Doggy Heaven
My dog Ivy has become my constant companion. As soon as the boys leave for school every morning, it’s just the two of us; man and dog. When the boys are around they can still whip her into a frenzy, but when it’s just Ivy and me, she has learned to live life at my pace: Sloooooooooooow.
I love that. I can’t wait until she gets fat and old too. Then life will be perfect.
Already there are really only a few things that make her jump during the day.
#1: The doorbell.
She knows her job is protecting us, and she hops to it when somebody tries to invade our space. Luckily for her, very few people come by during the day. Her job is about as demanding as an all night security guard at a suburban parking lot. She mostly just sleeps on the job.
#2: My keys.
The jingling sound of car keys makes her booty shake like K.C. and the Sunshine band. “Oh boy, oh boy, oh boy.” The mention of the word “Ride” makes her butt wiggle like a Fly Girl. (Those are references from the 70s and 80s, kids. Send me an e-mail if you need a translation).
But there’s one thing that excites her even more. There’s one thing that will make her jump out of a deep sleep and run at full speed immediately…
#1: The Dishwasher
When that dishwasher opens (and our’s squeaks a little bit when it does), she can get there in less than a second from any part of the house. The opening of the dishwasher represents a smorgasbord, a taste sensation, a veritable cornucopia of flavors. “Is that the pizza cutter? Mmmm. Those are the grill tongs, aren’t they? Mmmmm. A plate full of dried BBQ sauce? Where do I sign?”
I know the stereotype of doggy heaven is a place where dogs can roam in open fields for eternity.

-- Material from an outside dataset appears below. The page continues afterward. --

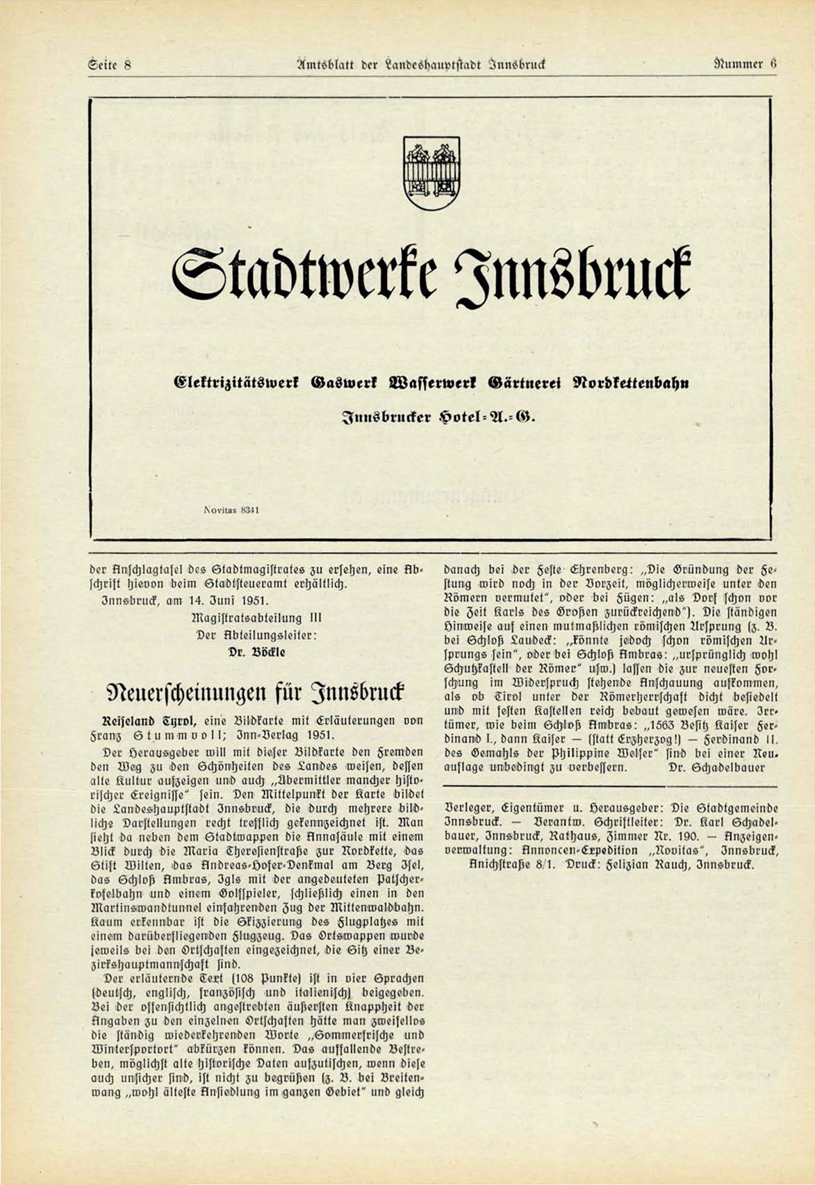 Anichstraste 8 1. Druck: Kolizian Rauch, Innsbruck.
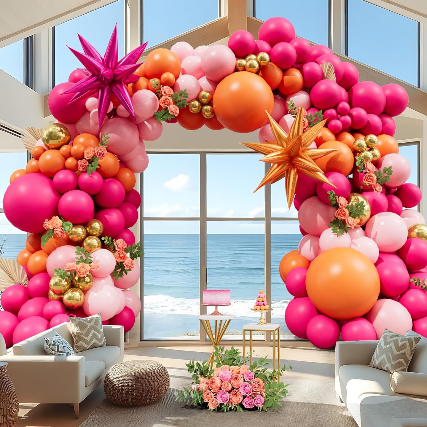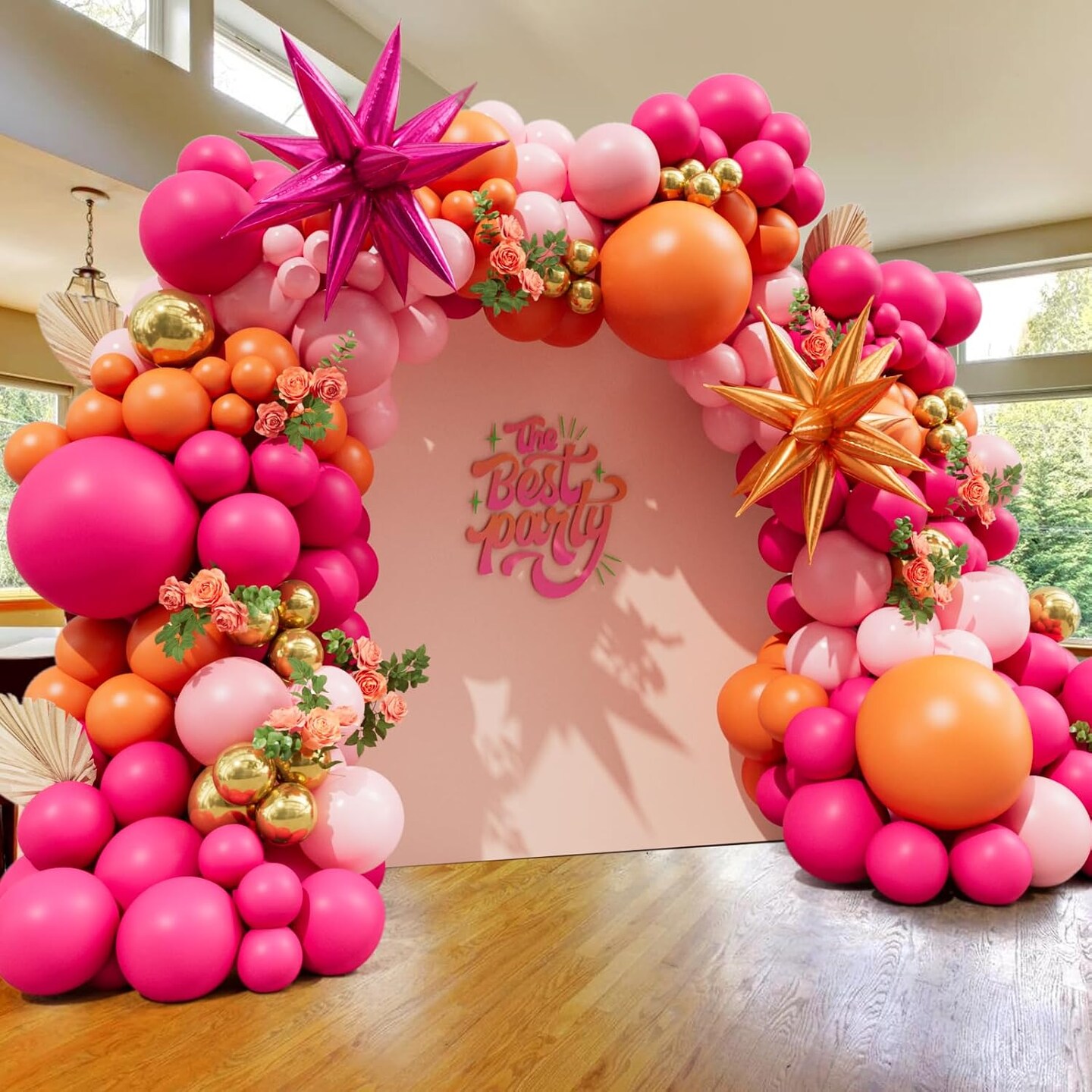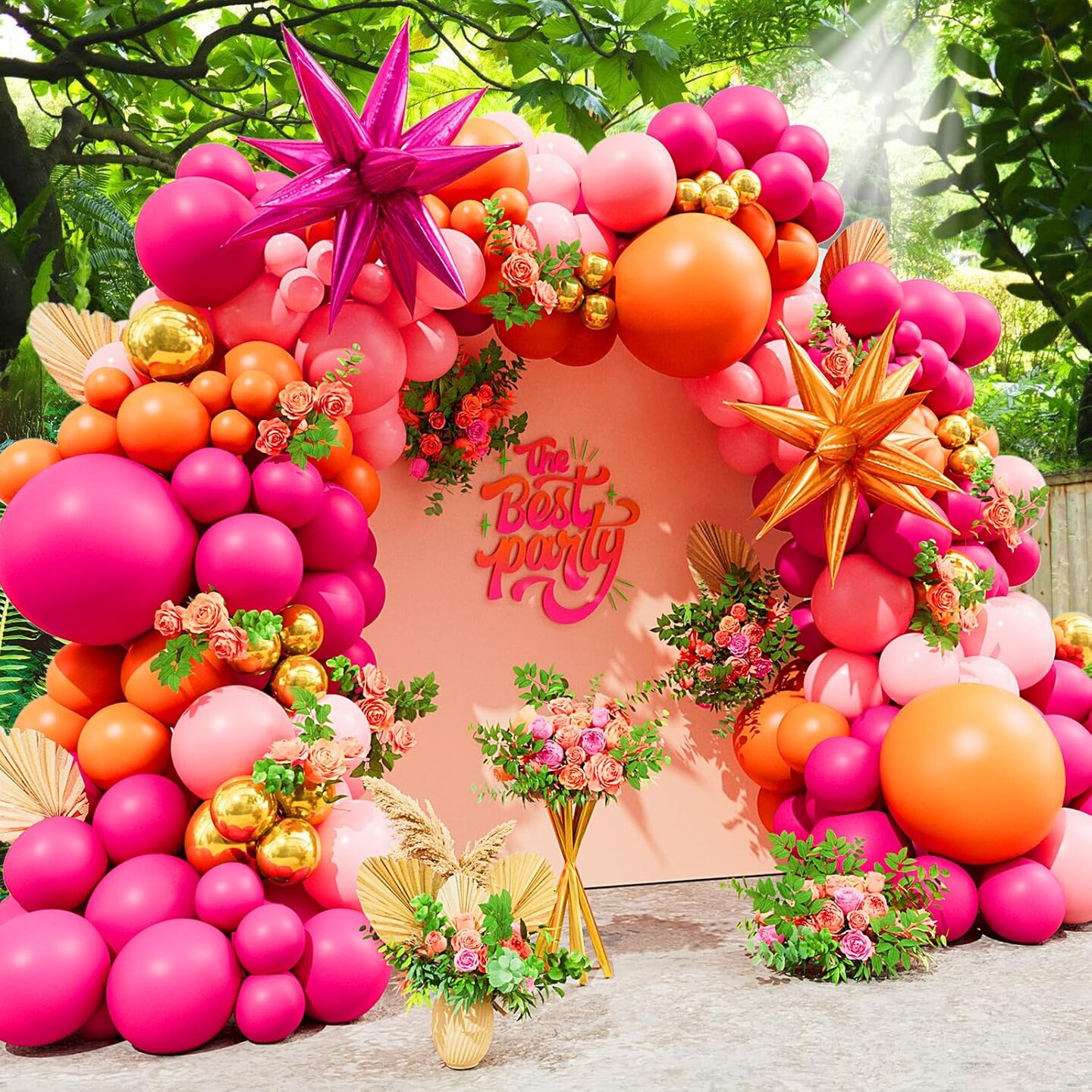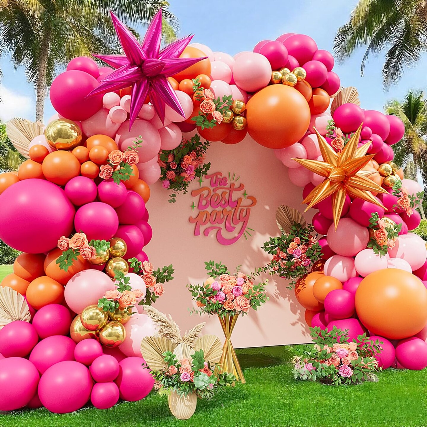 Pink Orange Balloon Garland Arch Kit (Pink)

I have a feeling it’s slightly different. I think it’s a row of open dishwashers filled with dirty dishes and utensils stretching as far as their doggy eyes can see; each successive dishwasher packed with another flavor of food chunks from around the world.
Mmmm, Greece. Yummm, Germany. Yowza, France.
That, my friends, is truly doggy heaven.
Although if Ivy has any control over the countries that are chosen to participate, she humbly requests that India be excluded. She’d rather eat plastic than vegetables.